Summary and Analysis: <i>Oedipus at Colonus</i>
Lines 269-576
Summary
Oedipus persuades the elders to take no action until Theseus, king of Athens, arrives.
Suddenly Ismene, Oedipus' daughter, enters, having come on horseback from Thebes. She tells Oedipus about his sons, Eteocles and Polynices, who are fighting over Thebes. Ismene also tells her father that the oracle at Delphi has made another prophecy — a curse will fall on the Thebans the day that they stand on Oedipus' tomb.
Ismene warns Oedipus that his sons and Creon know of the prophecy and will try to bring him back to Thebes. They plan to keep Oedipus just outside the city — where he will stay under their control without polluting Thebes — and then leave his body unburied at death.
Oedipus curses his sons and praises his faithful daughters for their sacrifice. He tells the elders that he does not want to return to Thebes, and if they help him, he will give his blessing to Athens. The elders accept his proposal and advise him to make an offering to the Eumenides for trespassing on their ground.
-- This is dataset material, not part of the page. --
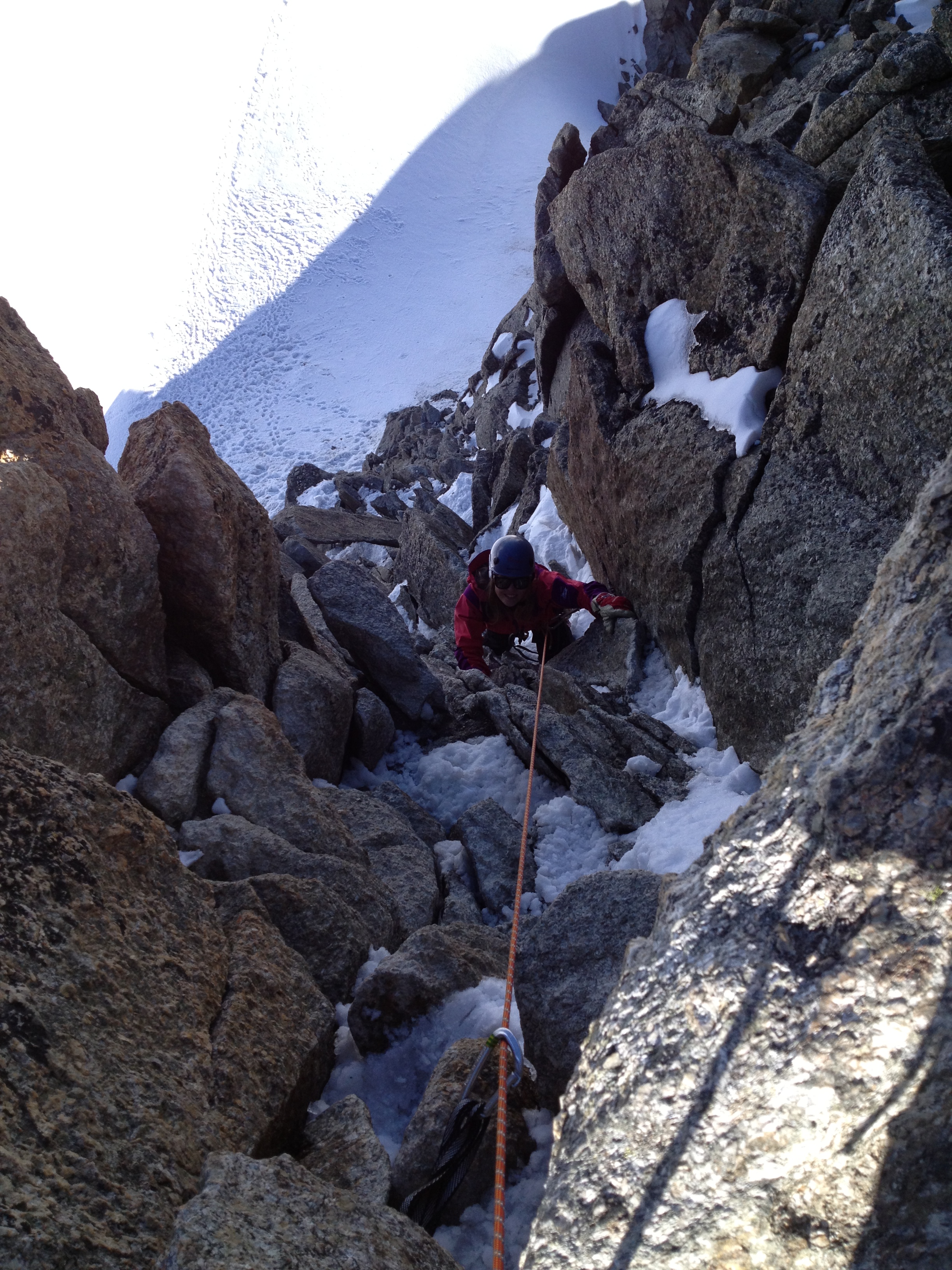 As we were approaching the final chimney one person who was off first bin climbing solo was approaching us but this is the only time we saw anyone on the whole route. The final exit chimney is classic, not too hard but it feels very exposed as you look all the way down to the Cunningham Couloir. I flew up it with Katsu belaying and just below the top she started to follow for the easy first section before I reached the top bolts to set up a belay.

Ismene leaves to perform the ritual for her father.
Analysis
This episode sets up the problem of the play — a family's fight over their father's dead body, even while he still lives.
The conflict in Thebes — Polynices' battle to take the city by force from Creon and Eteocles — arises from the power vacuum created by Oedipus' downfall. The crisis itself is the subject of Aeschylus' play Seven Against Thebes (467 B.C.).
Long ago, Creon banished an unwilling Oedipus, and Eteocles and Polynices did nothing to stop Creon or help Oedipus. Now, because of the prophecy, all want him back to avoid the curse. Paradoxically, the Theban curse will be a blessing of victory to those from another city who will offer Oedipus burial. In this, as Ismene points out, Oedipus' fortune as a pariah has been reversed.
Note that Oedipus' present misery as a blind beggar reflects the condition of Athens itself at the end of the fifth century — weakening, under siege, about to accept defeat as the long Peloponnesian War draws to a close. Yet Oedipus refers to Athens as a powerful city, the shelter of all who seek her help. This nostalgic note represents Sophocles' tribute to his once great polis.
Note, too, the purification ritual that the elders explain to Oedipus. Such rites were common in ancient Athens, echoing the mysteries of Eleusis, an initiation into the truth of death and eternal life. The ritual also looks forward to Oedipus' transformation upon his death at the end of the play.
Glossary
Zeus the chief deity of Greek mythology, son of Chronus and Rhea and husband of Hera.